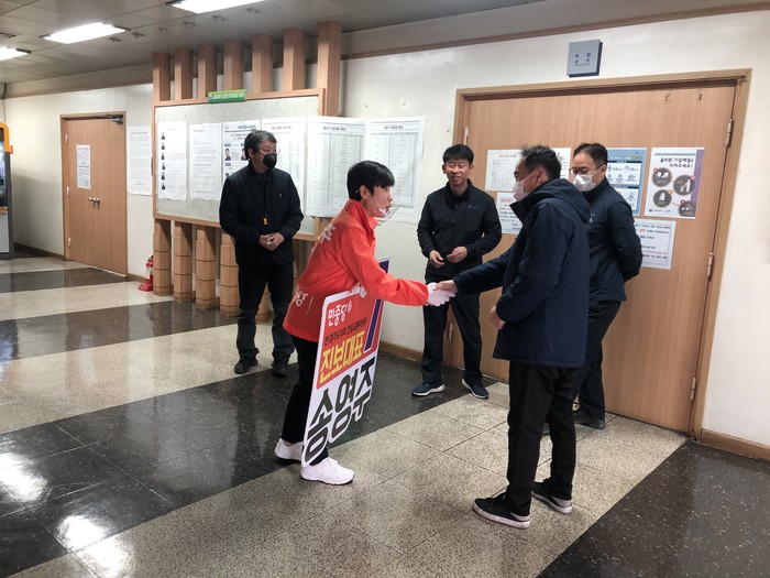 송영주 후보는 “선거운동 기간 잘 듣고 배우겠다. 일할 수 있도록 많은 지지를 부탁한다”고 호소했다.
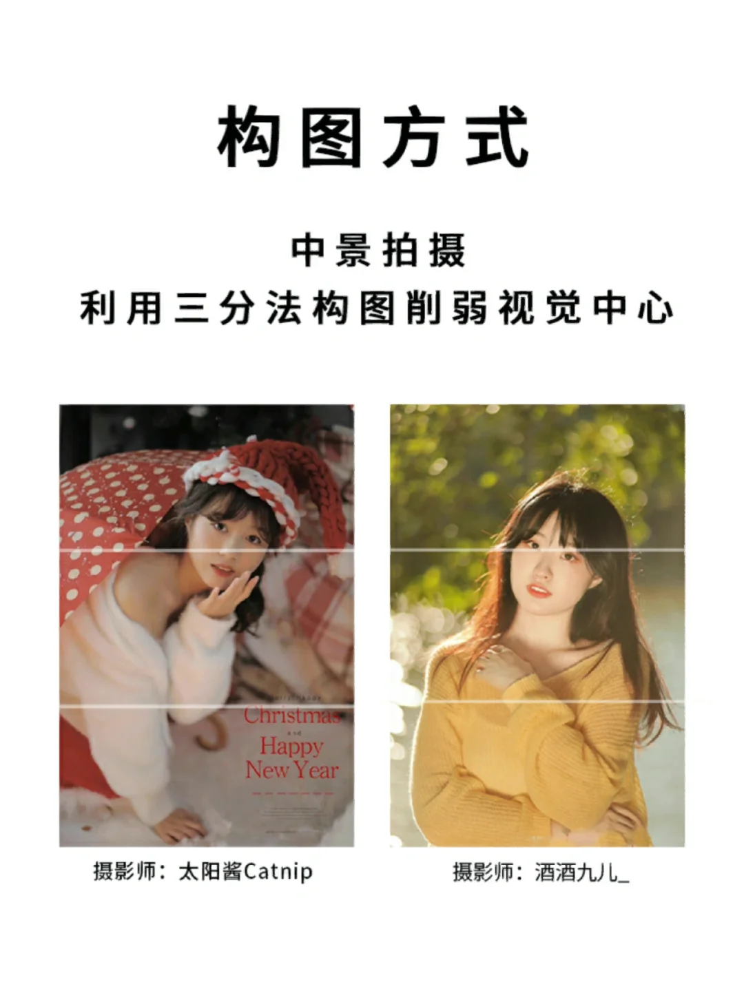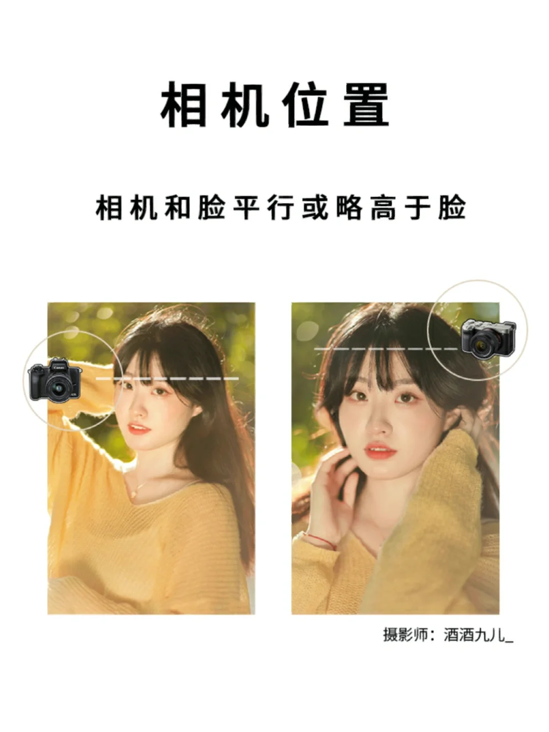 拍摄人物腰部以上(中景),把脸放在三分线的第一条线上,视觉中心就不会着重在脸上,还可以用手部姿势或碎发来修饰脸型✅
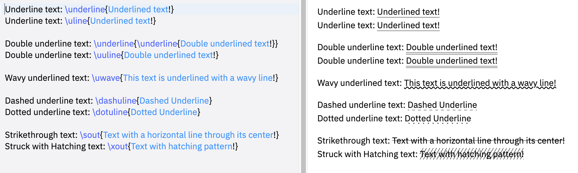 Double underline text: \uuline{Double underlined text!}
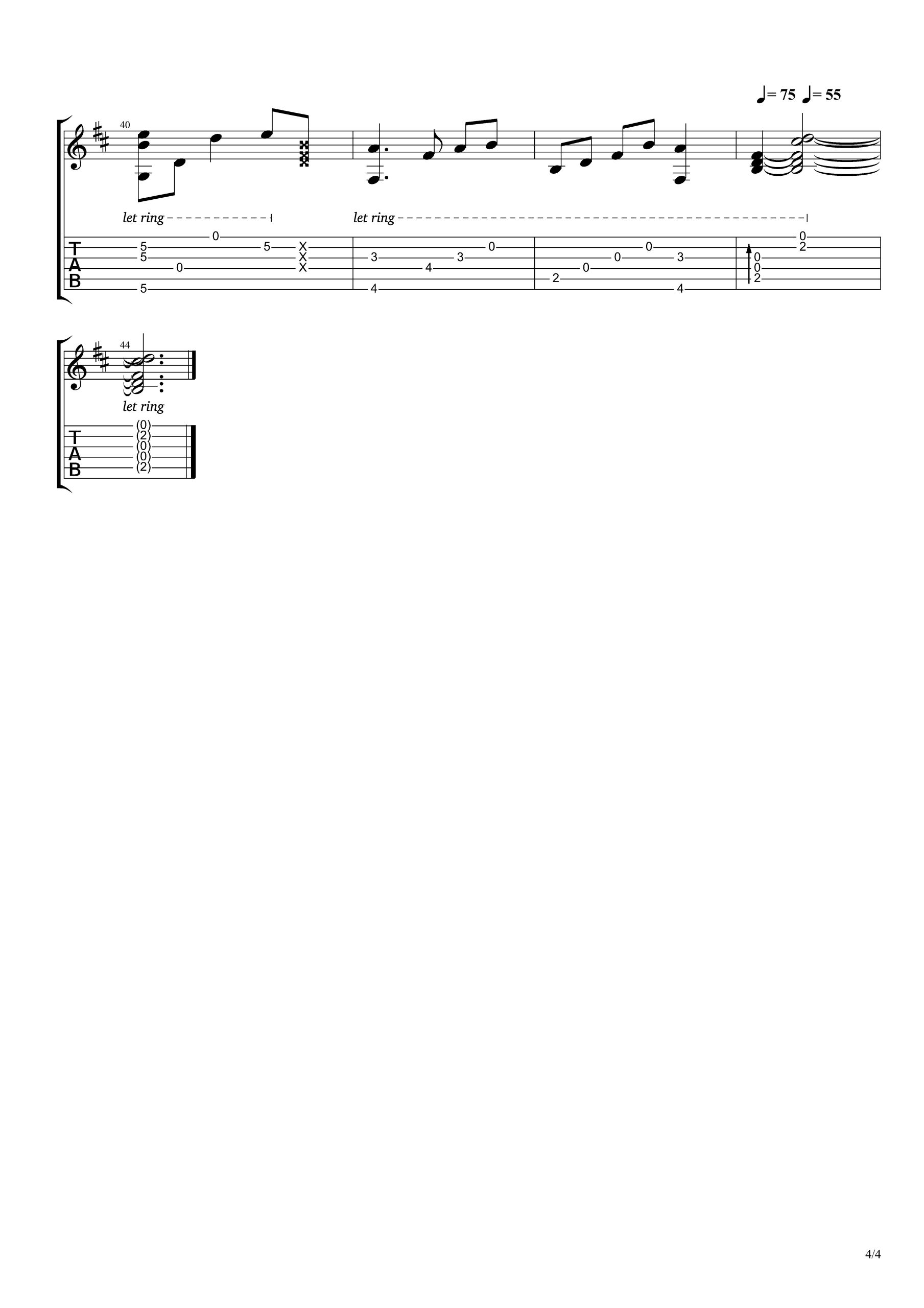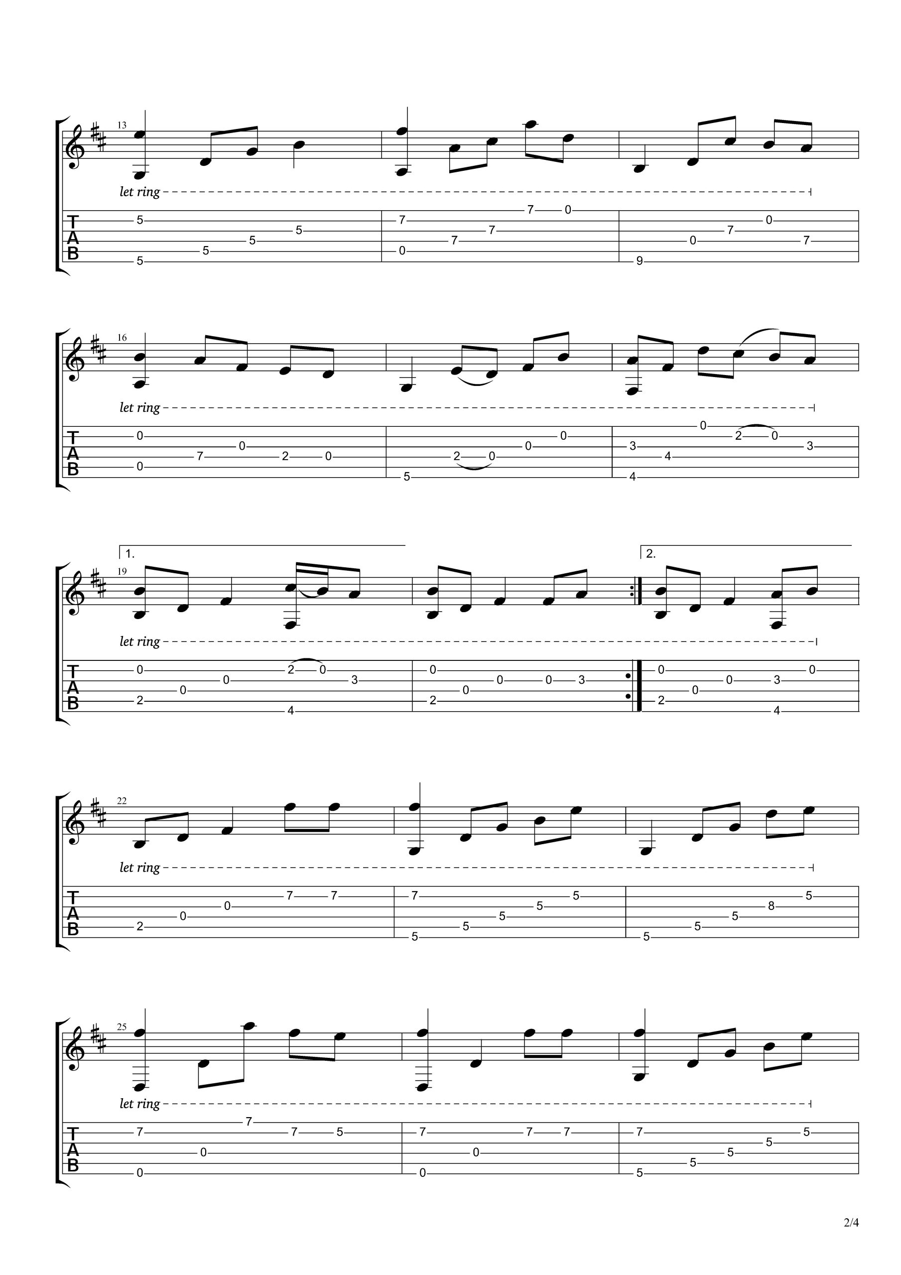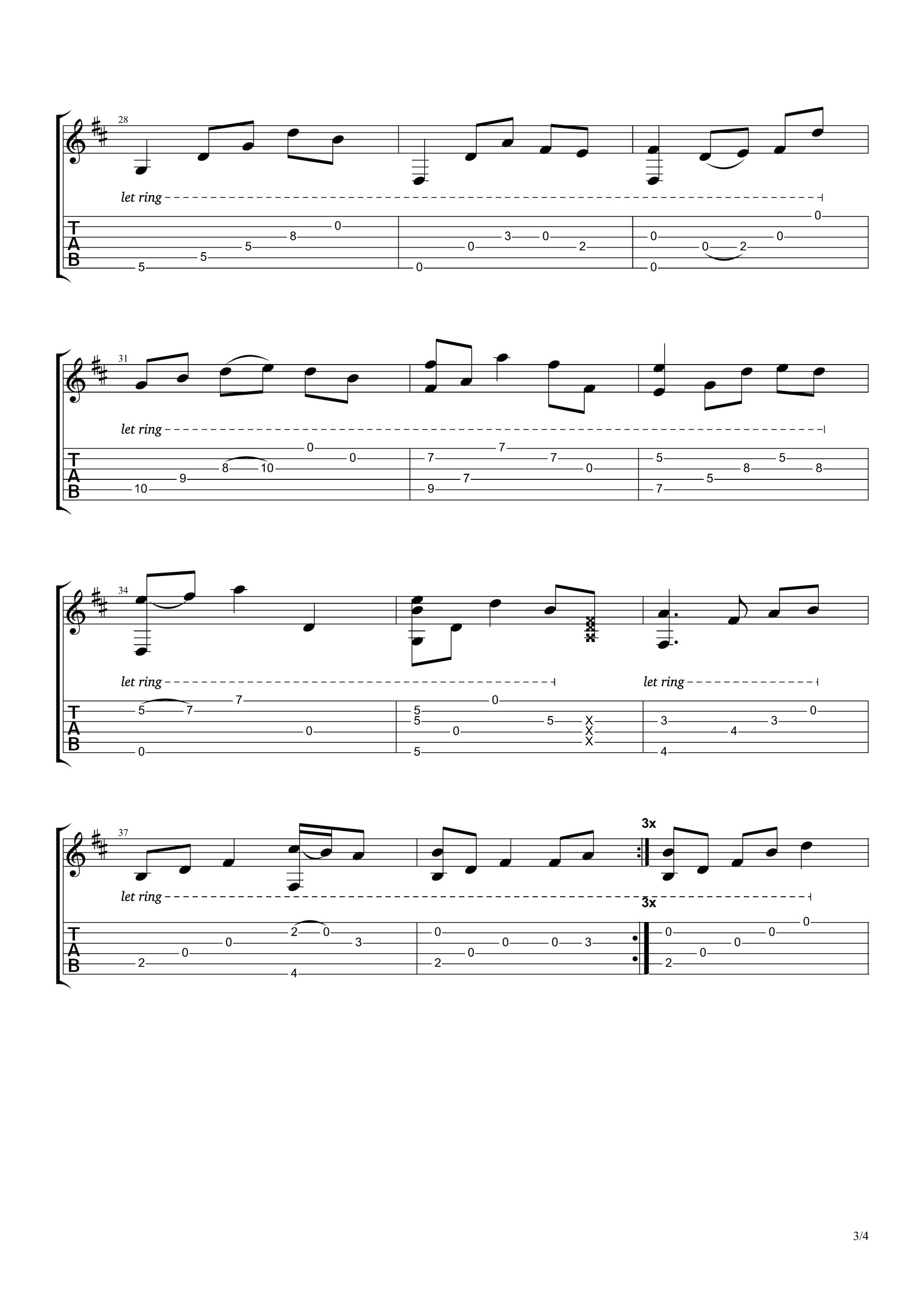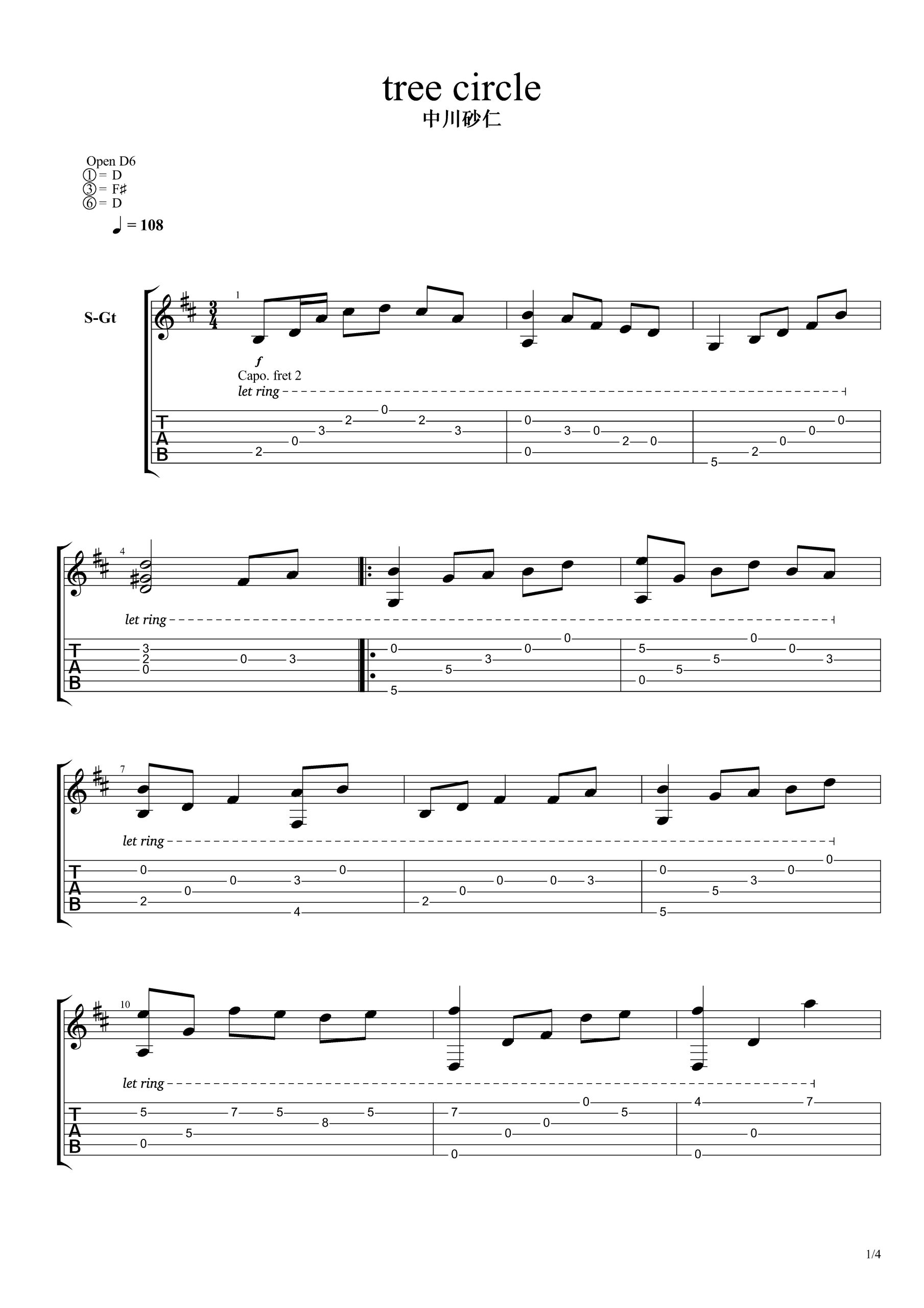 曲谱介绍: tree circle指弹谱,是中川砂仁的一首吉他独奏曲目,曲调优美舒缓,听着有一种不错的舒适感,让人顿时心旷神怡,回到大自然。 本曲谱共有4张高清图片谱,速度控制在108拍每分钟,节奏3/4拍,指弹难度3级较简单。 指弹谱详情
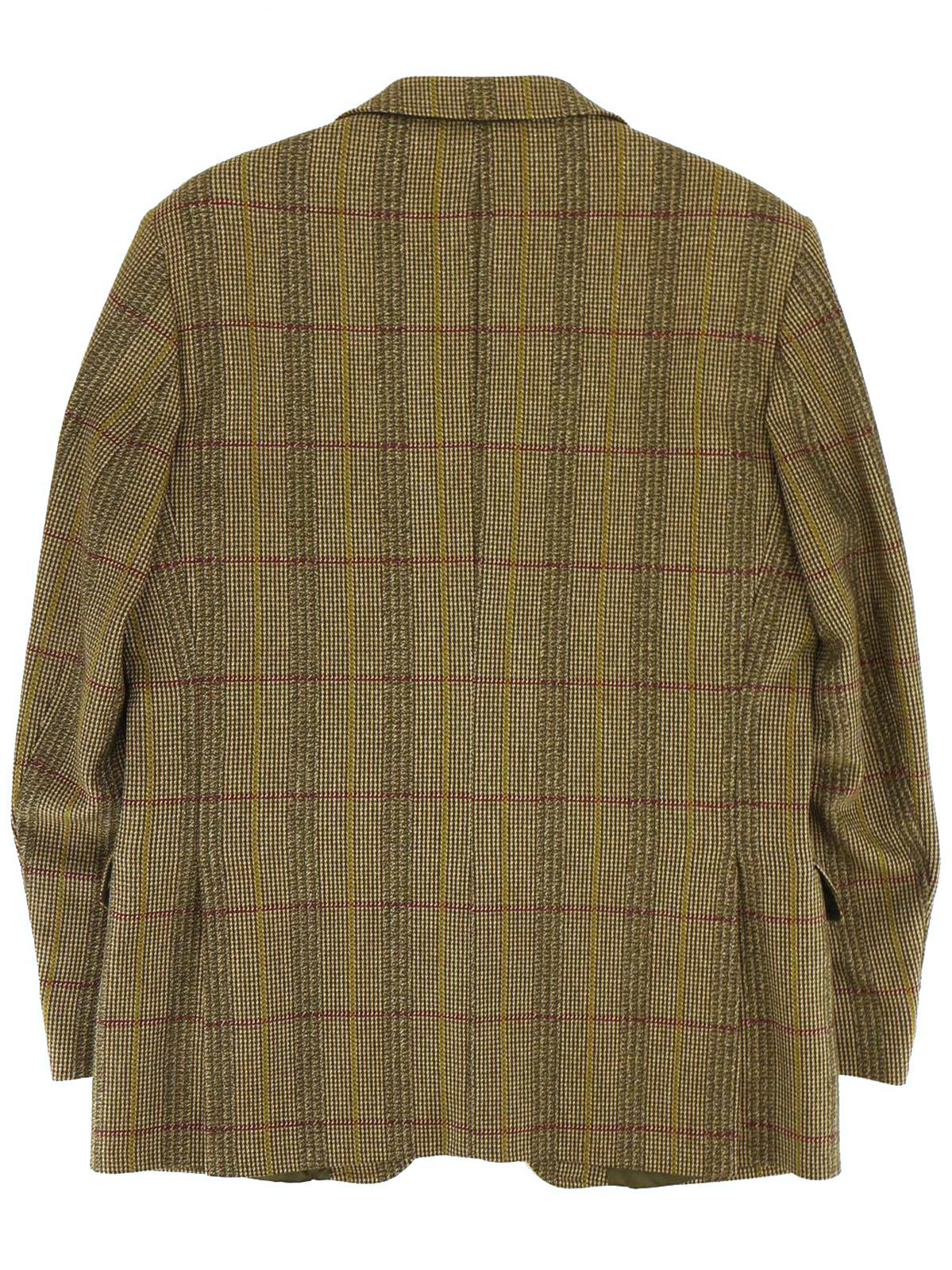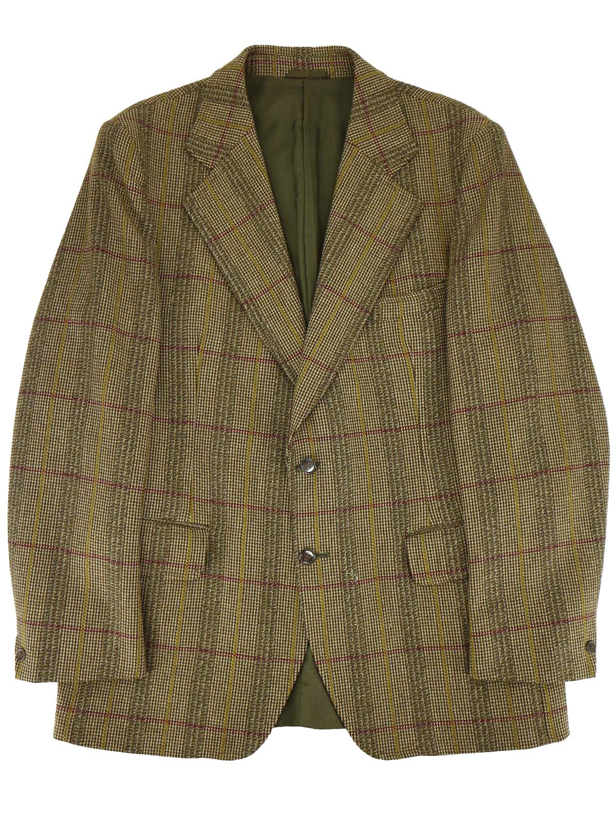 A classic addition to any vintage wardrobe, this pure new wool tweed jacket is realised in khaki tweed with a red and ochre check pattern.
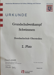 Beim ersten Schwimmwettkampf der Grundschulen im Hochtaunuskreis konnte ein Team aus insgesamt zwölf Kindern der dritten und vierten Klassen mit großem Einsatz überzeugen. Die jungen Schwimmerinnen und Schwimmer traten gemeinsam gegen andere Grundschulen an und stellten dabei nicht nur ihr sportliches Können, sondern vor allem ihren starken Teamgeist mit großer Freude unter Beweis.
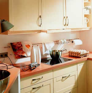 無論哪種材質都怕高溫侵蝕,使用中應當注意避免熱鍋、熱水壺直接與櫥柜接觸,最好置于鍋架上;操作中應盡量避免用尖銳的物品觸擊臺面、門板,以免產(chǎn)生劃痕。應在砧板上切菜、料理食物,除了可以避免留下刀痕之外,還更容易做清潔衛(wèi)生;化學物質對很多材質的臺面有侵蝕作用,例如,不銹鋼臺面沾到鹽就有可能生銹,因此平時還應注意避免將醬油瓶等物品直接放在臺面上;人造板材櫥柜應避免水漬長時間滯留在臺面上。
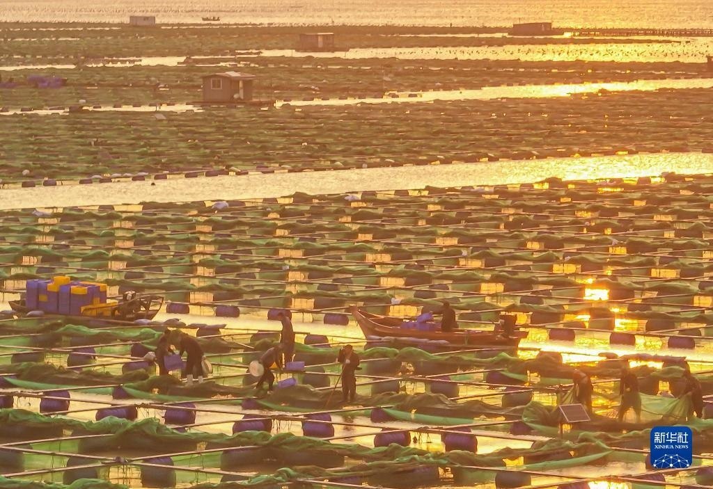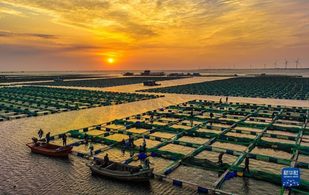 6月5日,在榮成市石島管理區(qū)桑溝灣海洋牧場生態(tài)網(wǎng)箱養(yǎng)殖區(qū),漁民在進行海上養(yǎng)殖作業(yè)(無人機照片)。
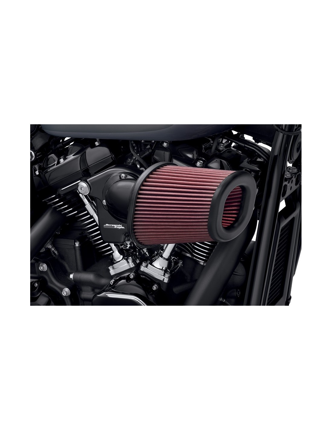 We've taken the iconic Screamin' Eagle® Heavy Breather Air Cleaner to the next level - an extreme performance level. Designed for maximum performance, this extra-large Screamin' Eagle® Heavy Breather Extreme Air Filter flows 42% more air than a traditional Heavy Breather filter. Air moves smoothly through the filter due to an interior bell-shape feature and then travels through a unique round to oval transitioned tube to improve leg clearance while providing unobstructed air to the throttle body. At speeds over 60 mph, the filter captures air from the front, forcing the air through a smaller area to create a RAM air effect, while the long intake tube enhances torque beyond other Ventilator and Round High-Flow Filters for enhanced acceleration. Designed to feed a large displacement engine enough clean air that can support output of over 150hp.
○ ○ ○ ○
When you transcribe the entries above, keep every word exact and leave out the pictures.

 송영주 후보는 “선거운동 기간 잘 듣고 배우겠다. 일할 수 있도록 많은 지지를 부탁한다”고 호소했다.
 拍摄人物腰部以上(中景),把脸放在三分线的第一条线上,视觉中心就不会着重在脸上,还可以用手部姿势或碎发来修饰脸型✅
 Double underline text: \uuline{Double underlined text!}
 曲谱介绍: tree circle指弹谱,是中川砂仁的一首吉他独奏曲目,曲调优美舒缓,听着有一种不错的舒适感,让人顿时心旷神怡,回到大自然。 本曲谱共有4张高清图片谱,速度控制在108拍每分钟,节奏3/4拍,指弹难度3级较简单。 指弹谱详情
 A classic addition to any vintage wardrobe, this pure new wool tweed jacket is realised in khaki tweed with a red and ochre check pattern.
 Beim ersten Schwimmwettkampf der Grundschulen im Hochtaunuskreis konnte ein Team aus insgesamt zwölf Kindern der dritten und vierten Klassen mit großem Einsatz überzeugen. Die jungen Schwimmerinnen und Schwimmer traten gemeinsam gegen andere Grundschulen an und stellten dabei nicht nur ihr sportliches Können, sondern vor allem ihren starken Teamgeist mit großer Freude unter Beweis.
 無論哪種材質都怕高溫侵蝕,使用中應當注意避免熱鍋、熱水壺直接與櫥柜接觸,最好置于鍋架上;操作中應盡量避免用尖銳的物品觸擊臺面、門板,以免產(chǎn)生劃痕。應在砧板上切菜、料理食物,除了可以避免留下刀痕之外,還更容易做清潔衛(wèi)生;化學物質對很多材質的臺面有侵蝕作用,例如,不銹鋼臺面沾到鹽就有可能生銹,因此平時還應注意避免將醬油瓶等物品直接放在臺面上;人造板材櫥柜應避免水漬長時間滯留在臺面上。
 6月5日,在榮成市石島管理區(qū)桑溝灣海洋牧場生態(tài)網(wǎng)箱養(yǎng)殖區(qū),漁民在進行海上養(yǎng)殖作業(yè)(無人機照片)。
 We've taken the iconic Screamin' Eagle® Heavy Breather Air Cleaner to the next level - an extreme performance level. Designed for maximum performance, this extra-large Screamin' Eagle® Heavy Breather Extreme Air Filter flows 42% more air than a traditional Heavy Breather filter. Air moves smoothly through the filter due to an interior bell-shape feature and then travels through a unique round to oval transitioned tube to improve leg clearance while providing unobstructed air to the throttle body. At speeds over 60 mph, the filter captures air from the front, forcing the air through a smaller area to create a RAM air effect, while the long intake tube enhances torque beyond other Ventilator and Round High-Flow Filters for enhanced acceleration. Designed to feed a large displacement engine enough clean air that can support output of over 150hp.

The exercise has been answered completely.